A second major limitation in urban areas is the lack of administrative reach and financial resources to deliver existing schemes. Take, for example, Swarna Jayanti Shahri Rozgar Yojana (SJSRY), presently the largest national livelihood and employment intervention in urban India. Established in 1997, as of 2010-11 it had reached only 3,903 out of the 7,935 towns identified in the 2011 Census. By comparison the largest rural employment intervention, the Mahatma Gandhi National Rural Employment Guarantee Scheme (MGNREGS) begun in 2006 , was active (though not uniformly) in 619 out of 640 districts. Apart from sheer geographical reach, its budget is 80 times the size of the funds earmarked for the urban employment programme.
A common-though not always overtly stated-assumption in exclusive rural programmes was that providing relief and services within rural areas would mitigate migration to urban areas. This disposition is still vaguely present in the MGNREGS, which provides 100 days of unskilled labour at minimum wage to one adult per household. The official guidelines cite the reduction of 'distress migration' as an objective. The programme, however, is a temporary, stopgap measure. If a worker availing of this scheme moves to an urban area, either by choice or out of 'distress', as a migrant they are no longer eligible unless they return to enlist for work through their village. Similarly, the Urban Self-Employment Programme conducted under the SJSRY has an eligibility requirement of three years' residence in the urban area, automatically excluding recent migrants.
Urban poverty alleviation schemes have large gaps that render them less equipped to address the needs of the poor, much less poor migrants. There are simply not as many schemes. Existing ones are poorly funded and are not offered on the same scale as programmes in rural areas.
While there are stark, overarching distortions in how urban and rural poverty are addressed, the administrative boundaries have been blurred in some programmes. For example, the Ministry of Rural Development extends some social security to the urban poor as well as the rural poor where the Ministry of Housing and Urban Poverty Alleviation does not currently offer these provisions. Coverage is not universal. Nonetheless, it illustrates a makeshift, not ideal, alternative to the urban-rural divide in current development policy.
This is not to say that poverty schemes should disregard the impact that rural and urban residence has on poverty or vulnerability. What cannot be overlooked, however, is how the two are inter-related.
A contemporary response to the lack of policy initiative in urban areas is to design urban programmes that mirror rural schemes, particularly in the areas of health and livelihoods.

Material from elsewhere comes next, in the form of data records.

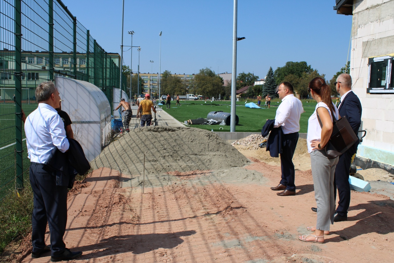 Na terenie boiska trwają zaawansowane prace, które obejmują instalację systemu nawadniania oraz układanie maty elastycznej. Obecnie kładziona jest nawierzchnia ze sztucznej trawy,
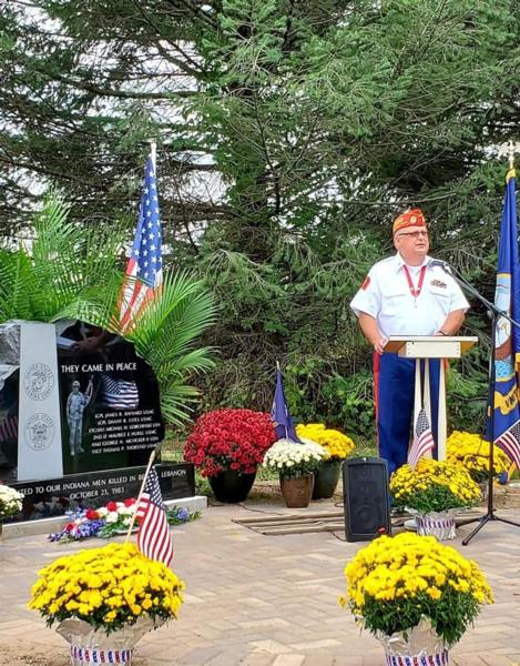 Six years ago Tim Edquist, nephew of Thomas Thorstad, started a new job. His mom Janice invited him to the Beirut Memorial in Jacksonville.  He declined the invitation since he just started a new job. On October 23 he went to work and was riding with his boss who asked if he knew that it was the anniversary of the Beirut Bombing. He replied that yes, his mom had asked him to go to North Carolina for the memorial.  His supervisor was surprised and asked why he would be going. Tim explained that his uncle was killed there.  His boss, who was even more shocked at this point, replied that his brother, Edward A. Johnston was killed there. What a small world! Charlie then invited him to the memorial in Struthers, Ohio. The following year Janice and Tim attended the Struthers, Ohio memorial. While there, the Johnston family encouraged her to build a memorial and start a service in Indiana.  Janice did years of research to identify everyone who was killed from Indiana. She identified a beautiful Veterans Park that has a replica wall with the names of over 1600 men from Indiana who were killed in Vietnam. She spoke to the Veterans Park and they were happy to have a Beirut Memorial Stone there. The community really came together to make this memorial happen.  With input from the family, Janice’s nephew designed a beautiful memorial stone. The dedication took place on September 21 and had over 160 people in attendance, including several Beirut Veterans. They plan on having an annual memorial event there.
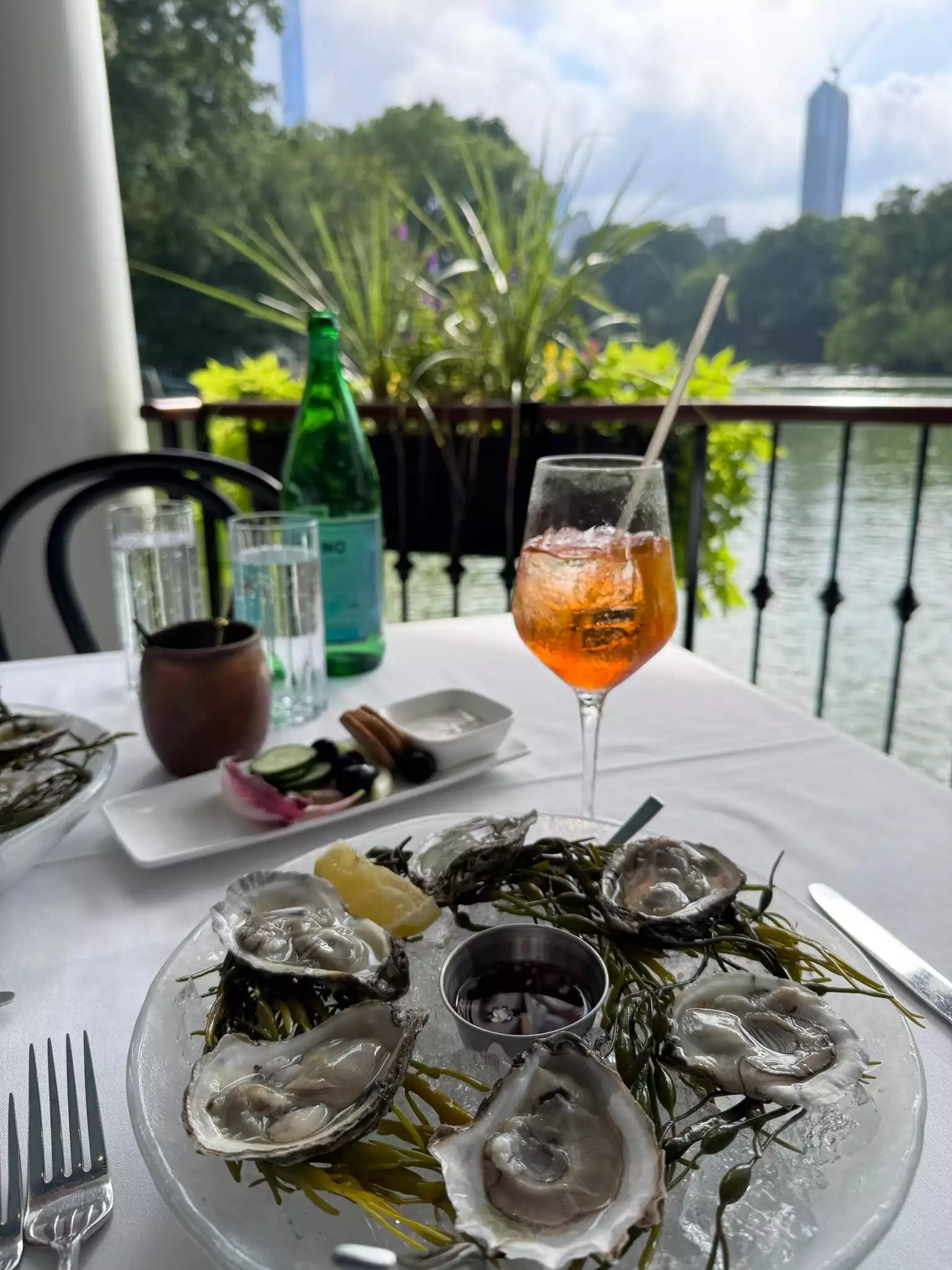 Beautiful view. We sat at a table right by lake. Hostess and wait staff were wonderful. Food disappointing. First the bar does not stock dark rum so we couldn’t get hurricanes (aka dark and stormies). This is NYC and I expected better. I drank ginger beer no alcohol. Complimentary Relish tray is sweet gesture. We ordered stuffed mushrooms and oysters Rockefeller to start. They were ok. We shared an order of spaghetti with lobster. Described as house made pasta, the pasta was very dry, the lobster was fine. For these prices you are paying for the view, not food of high quality.
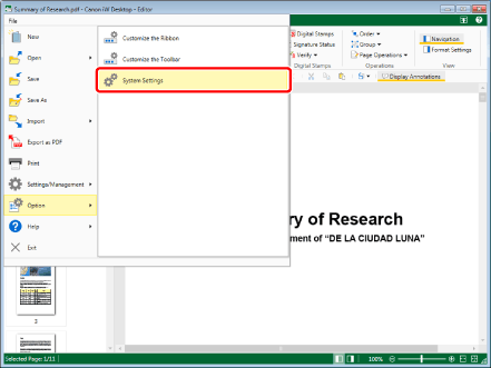 Select the [File] menu > [Option] > [System Settings].
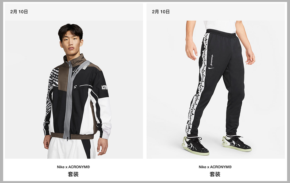 服饰方面则是 Nike 与 ACRONYM® 的首度合作,包含联名夹克、长裤和短袖球衣多个单品。
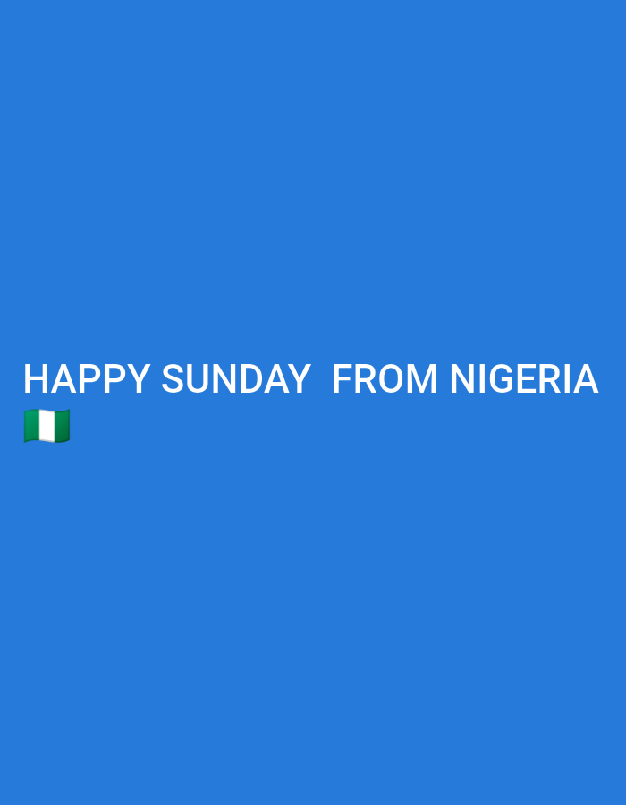 The image is a digital graphic against a solid blue background. White, uppercase sans-serif text reading "HAPPY SUNDAY FROM NIGERIA" is displayed horizontally across the lower central portion of the frame. To the left of the text, a waving Nigerian flag emoji is present, featuring two vertical green bands flanking a central white band. No physical environment, people, subjects, objects (beyond the text and emoji), actions, or interactions are depicted. The image does not visually represent the city of Rido, Nigeria, or any specific geographic location; the reference to Nigeria is contained within the text and flag graphic.
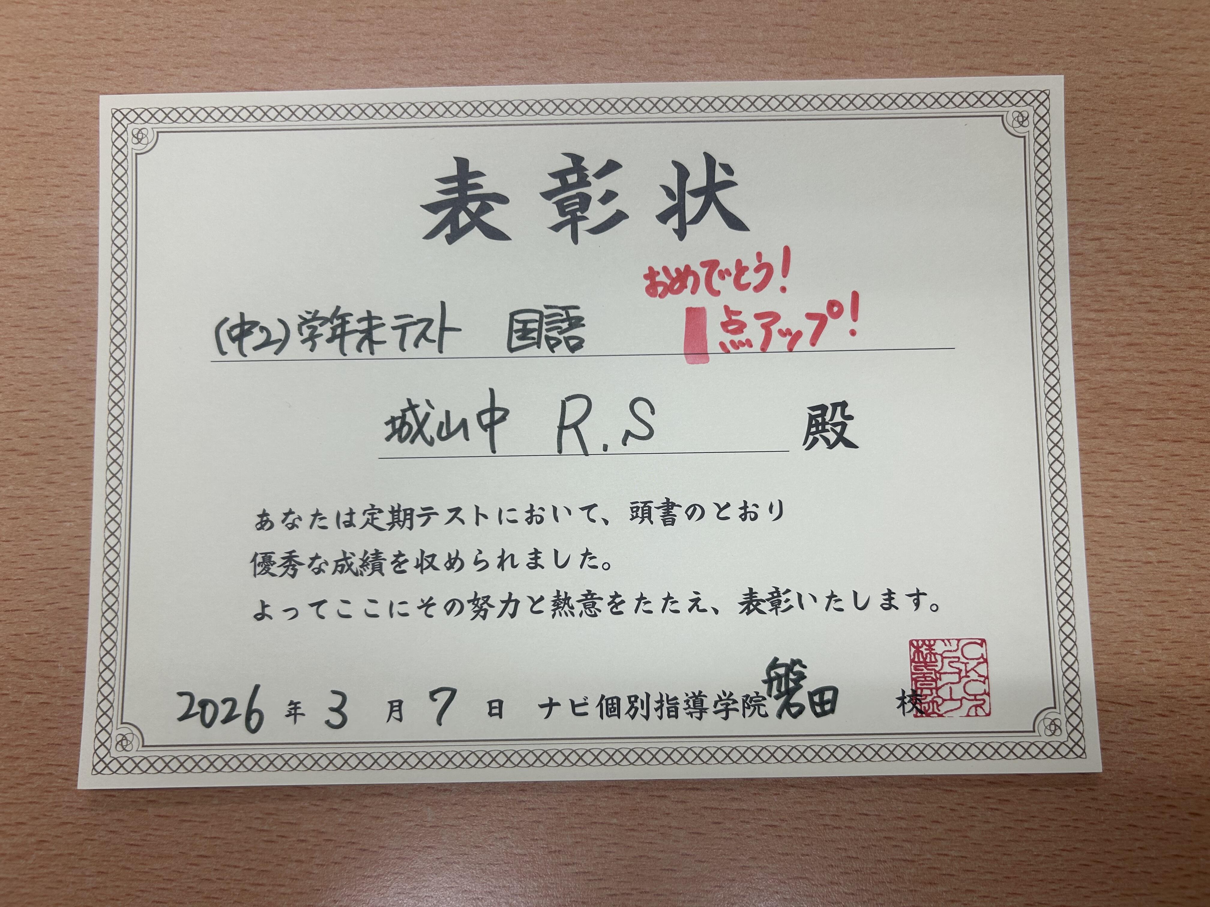 2月に行われた学年末テストの健闘者のご紹介です♪
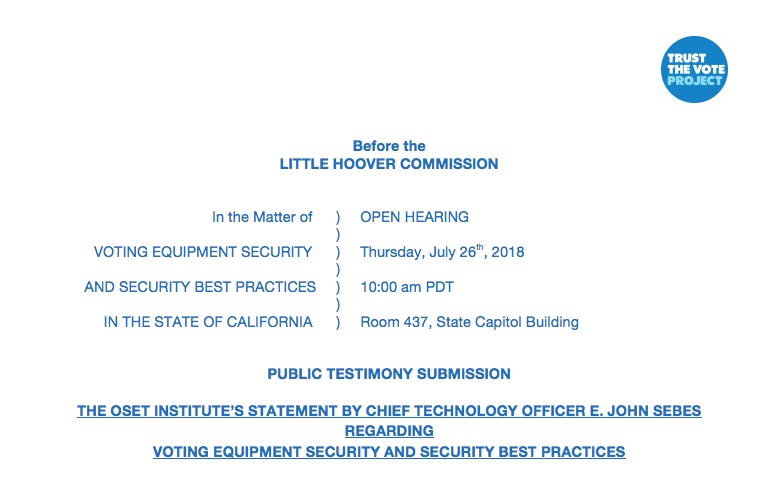 As part of my work with the OSET Institute we submitted were asked to comment on Voting Equipment Security and Security Best Practices in the State of California to the Little Hoover Government Commission. July 26, 2018 Here is a link to our submission.
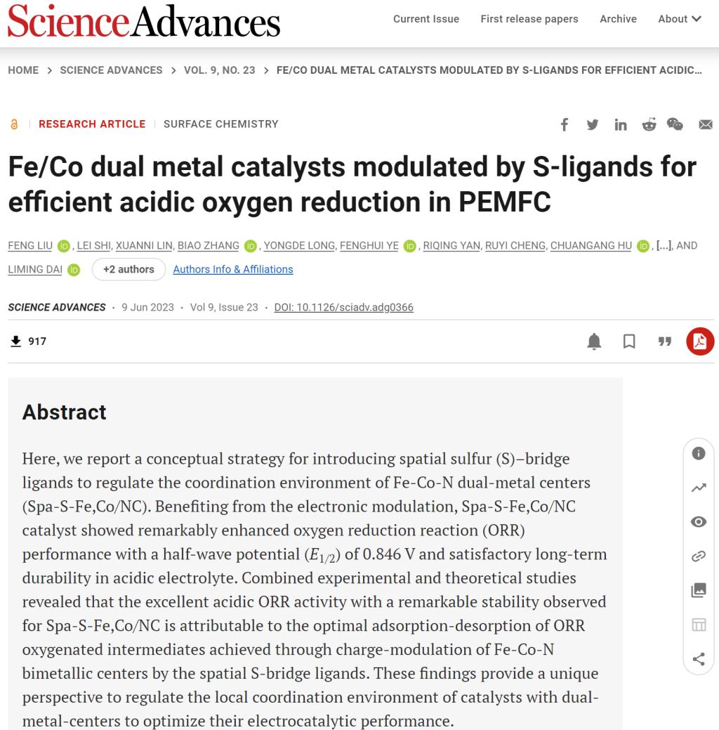 近日,公司3044永利电催化团队青年教师刘峰博士在燃料电池电催化氧还原领域取得新进展,以第一作者身份在Science子刊《Science Advances》(Sci. Adv., 2023, 9, eadg0366)上发表研究论文“Fe/Co dual metal catalysts modulated by S-ligands for efficient acidic oxygen reduction in PEMFC”。

On a positive note, the trend indicates a growing realisation that urban poverty requires more attention and intervention. This is long overdue, considering that urban India now constitutes 31 per cent of the population. Nonetheless, the approach is largely problematic. While there are many missing services for the poor in urban areas, merely creating parallel urban initiatives deepens the urban-rural divide even further.
This is not to say that poverty schemes should disregard the impact that rural and urban residence has on poverty or vulnerability. What cannot be overlooked, however, is how the two are inter-related. Treating urban and rural poverty interventions as completely independent entities has compromised the extent and number of services that are offered to the urban poor. This pattern needs to be corrected to ensure that it does not harm migrants. The anomaly of migrants in the dualism of the current system is thus, yet another compelling reason to forge greater links between rural and urban poverty alleviation efforts.